As a general rule, we need to always use aliases (remember the AS statement) when using a self join.
Self Join Syntax Example:
SELECT e1.employee_name
FROM employee AS e1, employee AS e2
WHERE e1.employee_location = e2.employee_location
AND e2.employee_name = 'Joe';
-- notice the above syntax doesn't actually use any of the JOIN terms, because this is a self join
using the aliasing technique, saying employee AS e1, employee AS e2.
So basically we have two tables in this query with FROM as two different aliases,
but they're actually the same table, employee.
This query will return the names Joe and Jack - since Jack is the only other person who lives in New York like Joe.
Generally, queries that refer to the same table can be greatly simplified by re-writing the queries as self joins,
and there is a performance benefit for this as well.
The self join above creats two aliases from the table:
__________________________________________________________________________________________________________
e1 e2
__________________________________________ ___________________________________________
name location name location
__________________________________________ ___________________________________________
Joe New York Joe New York
Sunil India Sunil India
Alex Russia Alex Russia
Albert Canada Albert Canada
Jack New York Jack New York
__________________________________________ ___________________________________________
__________________________________________________________________________________________________________
Notice they're the same table. So they're both instances of the employee table from above (first example)

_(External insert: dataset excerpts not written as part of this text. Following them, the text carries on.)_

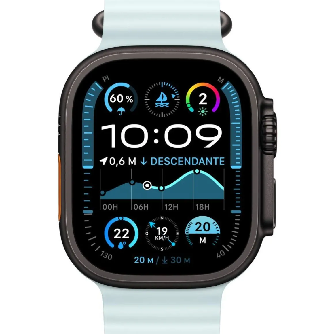 Bracelet 49mm Océan bleu glacier – Titane noir
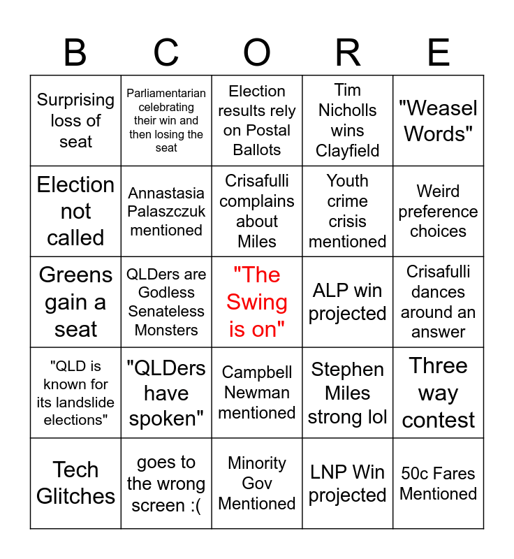 This bingo card has a free space and 24 words: "QLDers have spoken", goes to the wrong screen :(, Crisafulli complains about Miles, Tech Glitches, "Weasel Words", Surprising loss of seat, Election not called, Parliamentarian celebrating their win and then losing the seat, ALP win projected, Campbell Newman mentioned, Youth crime crisis mentioned, Greens gain a seat, Stephen Miles strong lol, Three way contest, Annastasia Palaszczuk mentioned, LNP Win projected, Crisafulli dances around an answer, Election results rely on Postal Ballots, Weird preference choices, QLDers are Godless Senateless Monsters, 50c Fares Mentioned, "QLD is known for its landslide elections", Tim Nicholls wins Clayfield and Minority Gov Mentioned.
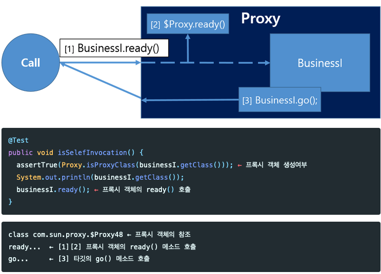 프록시 객체가 해당 메서드 앞뒤에 부가적인 기능(횡단 관심사)를 실행한 후 기존 객체의 메서드를 호출하게 되는 매커니즘으로 동작하게 되는데, 이때 이미 기존객체로 들어와서 거기서 내부 호출이 발생하는 부분에 대해서는 프록시 객체를 거치지 않게된다.
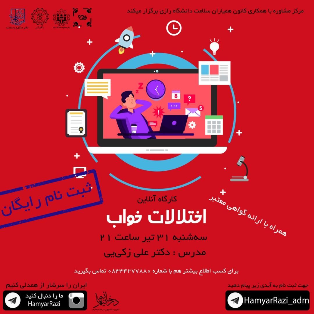 19 07 2020 522 برگزاری کارگاه آموزشی اختلالات خواب 99/4/31 کانون همیاران سلامت و مرکز مشاوره دانشگاه، کارگاه های آنلاین توانمند سازی دانشجویان را برگزار میکنند. عنوان کارگاه: اختلالات خواب تاریخ:...
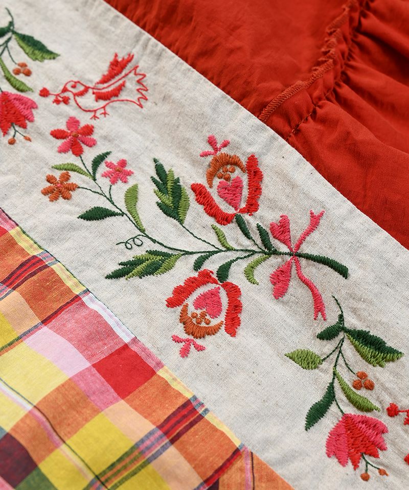 ナチュラルなしぼ感のある素材に刺繍を施し、プレッピーな夏の定番マドラスチェックで切り替えて夏の日差しに映える鮮やかなカラーリングでプレイフルなムードに仕上げました。
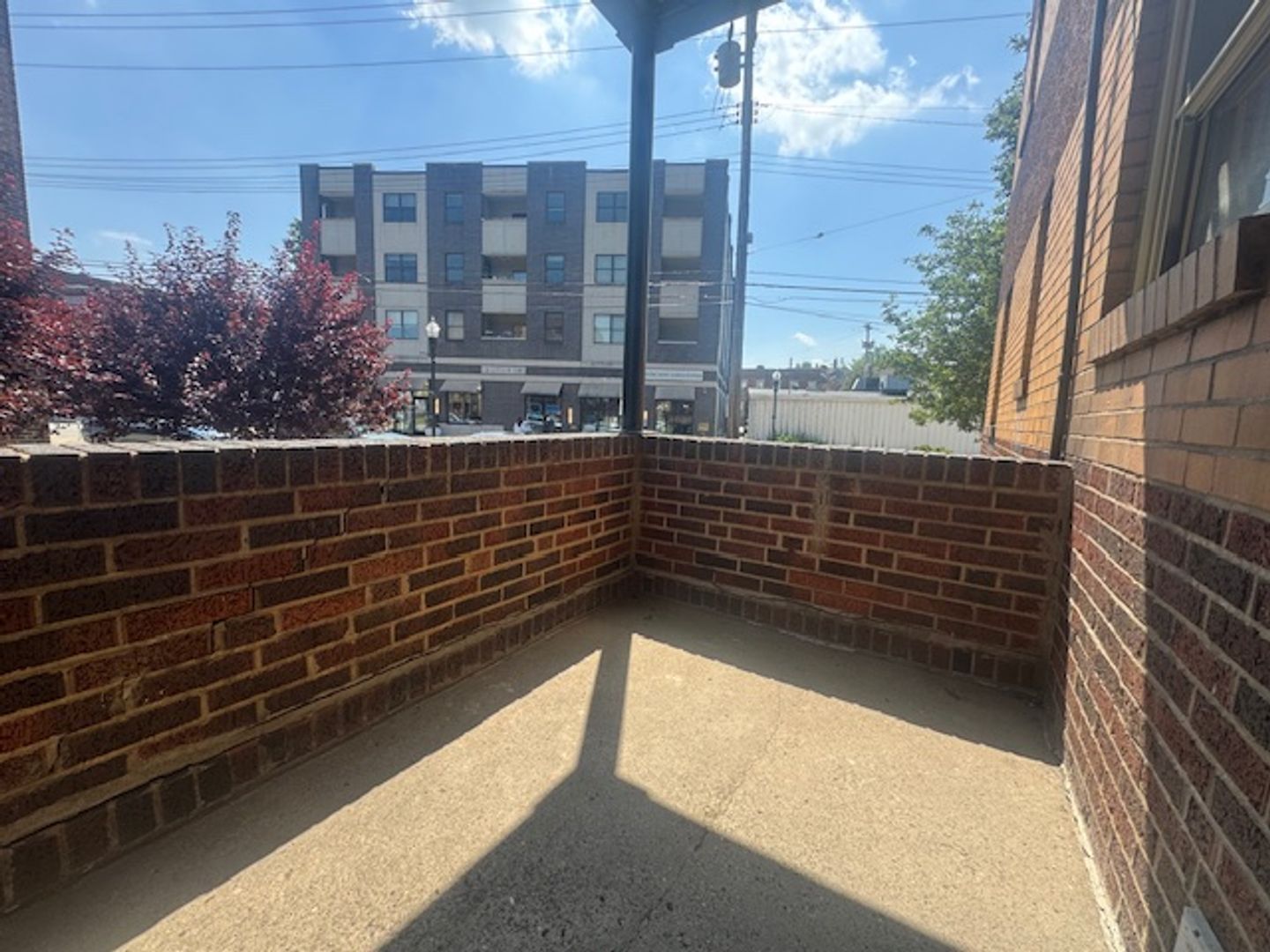 Charming covered balcony off the living room, perfect for morning coffee
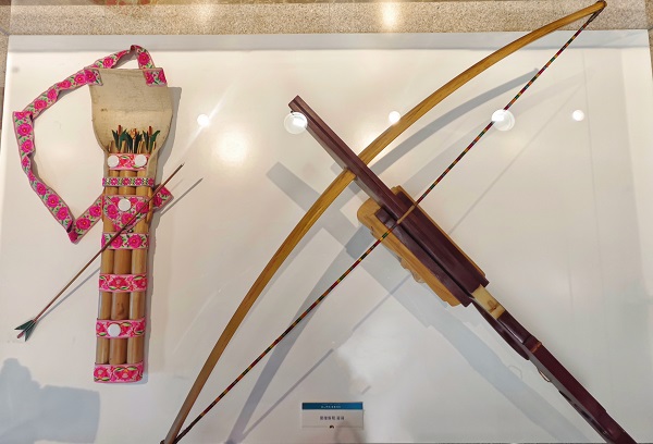 傈僳族展廳展出的弩、箭筒
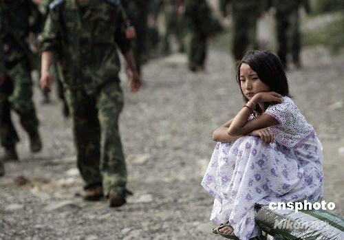 5月28日,四川平武縣南壩鎮(zhèn),一名女孩在災(zāi)后的廢墟中坐在路邊,露出了本不該在這個(gè)年齡露出的憂郁,災(zāi)難給災(zāi)區(qū)兒童帶來(lái)了巨大的心里創(chuàng)傷。平武縣在5. 12地震中損失慘重,25個(gè)鄉(xiāng)鎮(zhèn)18.6萬(wàn)人全部受災(zāi),90%以上房屋倒塌,截止27日16時(shí),該縣3014人死亡,3555人失蹤。中新社發(fā) 杜洋 攝

and the final result of running the self join query from above - the actual joined table - looks like this:
____________________________________________________________________________________________________________
e1.employee_name e1.employee_location e2.employee_name e2.employee_location
____________________________________________________________________________________________________________
Joe New York Joe New York
Jack New York Joe New York
____________________________________________________________________________________________________________
This is where you would actually call the columns off of it.
The reason we get two instances of joe here is because the self join query used the AND statement that said
AND e2.employee_name = 'Joe';.
Examples of Self Joins: Using customer table
-- Example: "Use a self join to retrieve all customers whose last name matched the first name of another customer"

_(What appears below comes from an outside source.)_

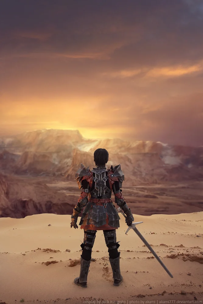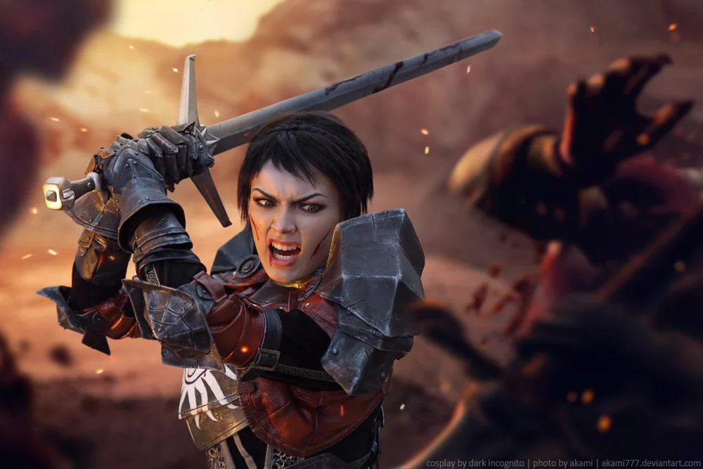As I start my second playthrough of Dragon Age Inquisition, I am immediately reminded of how much I missed Cassandra. By far my favorite character in the game, she is one of the fiercest warriors in Thedas, yet at the same time probably the most loyal to you and your cause. Cosplayer Dark Incognito and photographer Alexandra Kaminskaya have recreated her perfectly in this beautiful set of photos. The armor is flush with detail, as is the representation of Cassandra's trademark braid and scar. The backdrop is stunning, and I love the faint trace of what looks like Darkspawn in the background of the photo above. If you'd like to see more of their work, you can see Dark Incognito's here and Alexandra Kaminskaya's here.
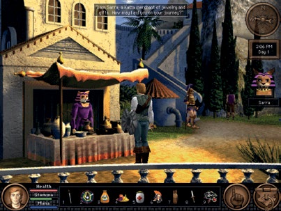 旁白(由 John Rhys-Davies[4] 配音,他在《指环王》中饰演金雳 Gimli)听起来像一位老练的游戏主持人,为玩家描述景象、气味和声音。角色有大量的对话,既有严厉的警告,也有插科打诨。最令人难忘的是三位城镇居民,他们的声音听起来像 Jack Nicholson[5],Rodney Dangerfield[6],以及,呃,Jack Nicholson(这些配音演员被问起他们能模仿哪些名人的声音,结果有两个人回答 Jack Nicholson,于是他们就这么做了)。

SELECT a.first_name, a.last_name,b.first_name,b.last_name
FROM customer AS a, customer AS b
WHERE a.first_name = b.last_name;
-- result is the 4 columns in the order of SELECT statement, and the rows are all the matches
-- of the first name to a last name, i.e., | Rose | Howard | Darlene | Rose |
-- Example: Doing the same as above, but using a JOIN statement
SELECT a.customer_id, a.first_name, a.last_name, b.customer_id, b.first_name, b.last_name
FROM customer AS a
JOIN customer AS b -- INNER JOIN after first alias in FROM statement, instead of 2 aliases with comma.
ON a.first_name = b.last_name -- have to use ON clause with the JOIN, and not the WHERE statement in the self join.
ORDER BY a.customer_id;
-- Example: can also use a left join to provide all records from the left table regardless if there is a match.
SELECT a.customer_id, a.first_name, a.last_name, b.customer_id, b.first_name, b.last_name
FROM customer AS a
LEFT JOIN customer AS b -- LEFT OUTER JOIN shows all of left table, and the overlap (matches) of right table.
ON a.first_name = b.last_name
ORDER BY a.customer_id; -- results show entire right table, regardless of match, and null values in right table unless matched.